Playwright wants selectors. Browser-Use wants a screenshot. The model "sees" the page and decides what to click — robust against UI changes that would break selector-based scripts.

### Headless mode?

Supported but discouraged during development — the screenshots are how the model orients. Run with headed mode while iterating, switch to headless for production.

### Does it sandbox?

Not by default.

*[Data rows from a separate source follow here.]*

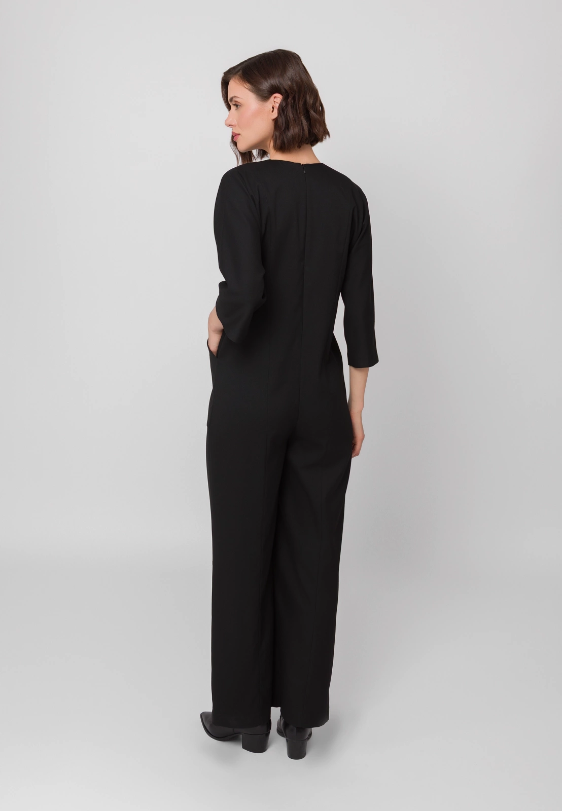 Uniwersalna czerń sprawia, że kombinezon pasuje zarówno na co dzień, jak i na wyjątkowe okazje. Z łatwością wystylizujesz go z trampkami, tworząc casualowy outfit, lub ze szpilkami – gdy chcesz postawić na kobiecą elegancję. To propozycja, która otwiera przed Tobą wiele możliwości stylizacji i zawsze prezentuje się nowocześnie.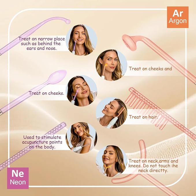 - 6 Professional Applicators for Targeted Results: Face, body & scalp solutions in one kit: mushroom head for full-face revitalization, Y-shape wand for neck/arms, comb for scalp stimulation, tongue/bent tubes for precision areas, and rod applicator for larger surfaces.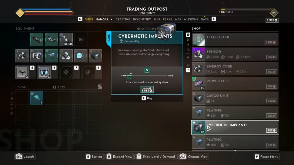 Их также можно выделить в инвентаре, чтобы увидеть полосу, показывающую диапазон от самой низкой цены до самой высокой цены во всем игровом мире, с выделением текущего региона. По возможности игроки всегда должны стремиться продавать любые товары в системах, где они пользуются большим спросом.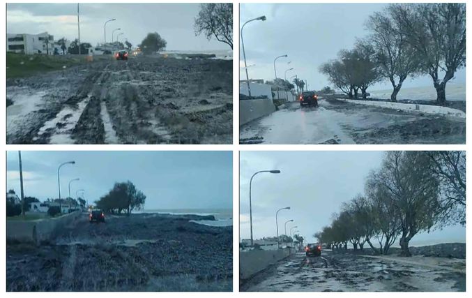 Προβλήματα στον παραλιακό δρόμο στο Τιγκάκι – Γέμισε φύκια και άμμο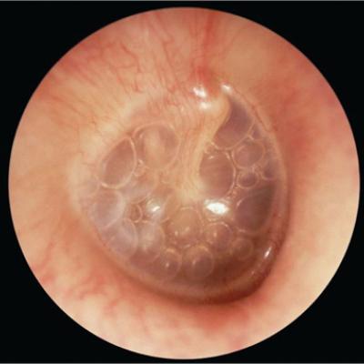 - Fluid in ear: this can be difficult to see at times but you might see a few bubbles behind the TM. Sometimes if there is a lot of fluid it can cause the TM to bulge out and you can see the line of fluid behind the TM. Fluid in the ear can be caused by allergies, a cold virus or an ear infection.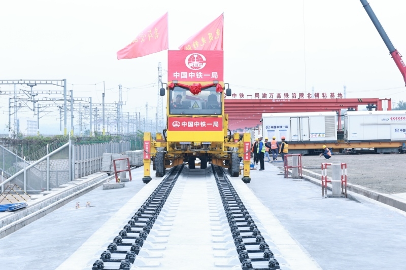 渝万高铁是我国“八纵八横”高速铁路主通道包(银)海、京昆通道的重要组成部分,也是沿江高铁辅助通道的关键一环,正线全长251公里,设计时速350公里,设重庆东、涪陵北、丰都北、忠县、万州北5座车站。中铁一局施工内容涵盖隧道、桥梁、路基,并包含涪陵北站站改、全线双块式轨枕预制及全线铺轨等。其中,铺轨(含站线)总长度约540公里,预计单日最高可铺设21公里轨道。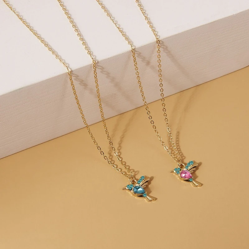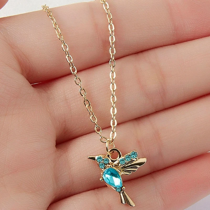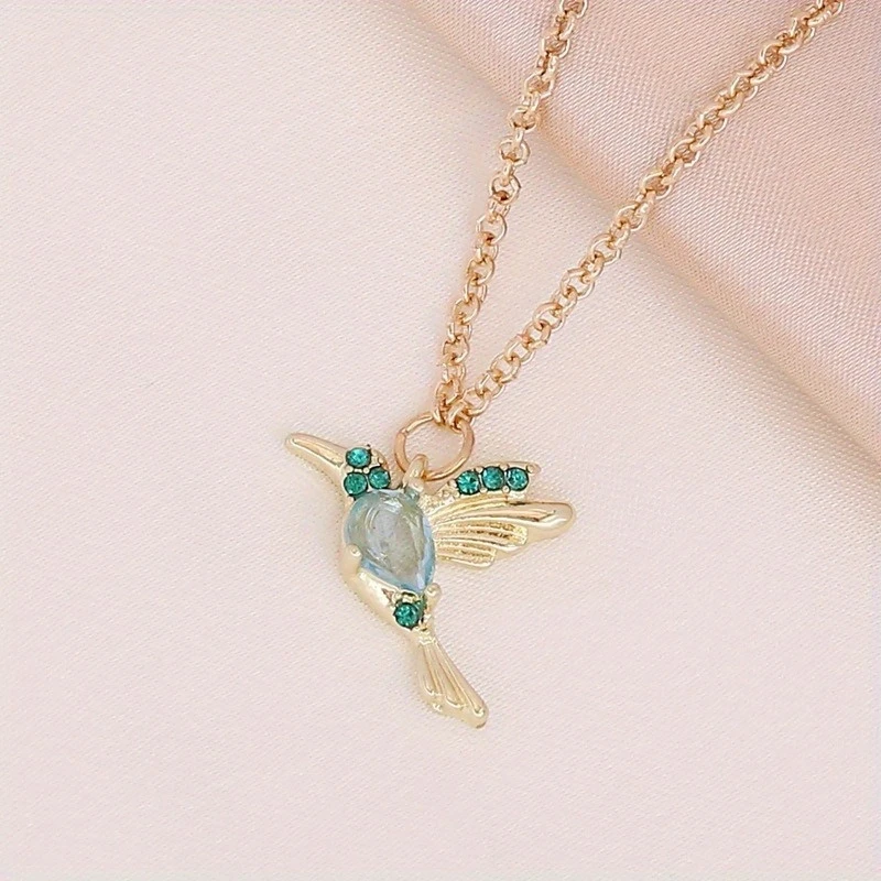 Elegant Golden-Tone Hummingbird Pendant Necklace with Blue Gemstones - Fashionable Alloy Collarbone Chain, Ideal for Birthday, Graduation, & Christmas Gifts, Hummingbird Decor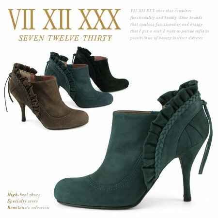 【アウトレット】セブントゥエルブサーティー ブーツ ブーティー バックフリル ラウンドトゥ ハイヒール ヒール10cm VII XII XXX (105150) 【送料無料】![]()

For untrusted page content (which is most agent browsing), run inside a container with no host filesystem mounts and a network egress allowlist.

### Performance on big pages?

Screenshot + DOM extraction is slower than pure DOM ops — expect ~1–3 sec per action vs sub-second for Playwright. Trade-off for resilience.

## Changelog

- **2026-05-27** — Refreshed install snippets and fact sheet; verified for 2026.
- **2025-03-05** — Initial directory listing.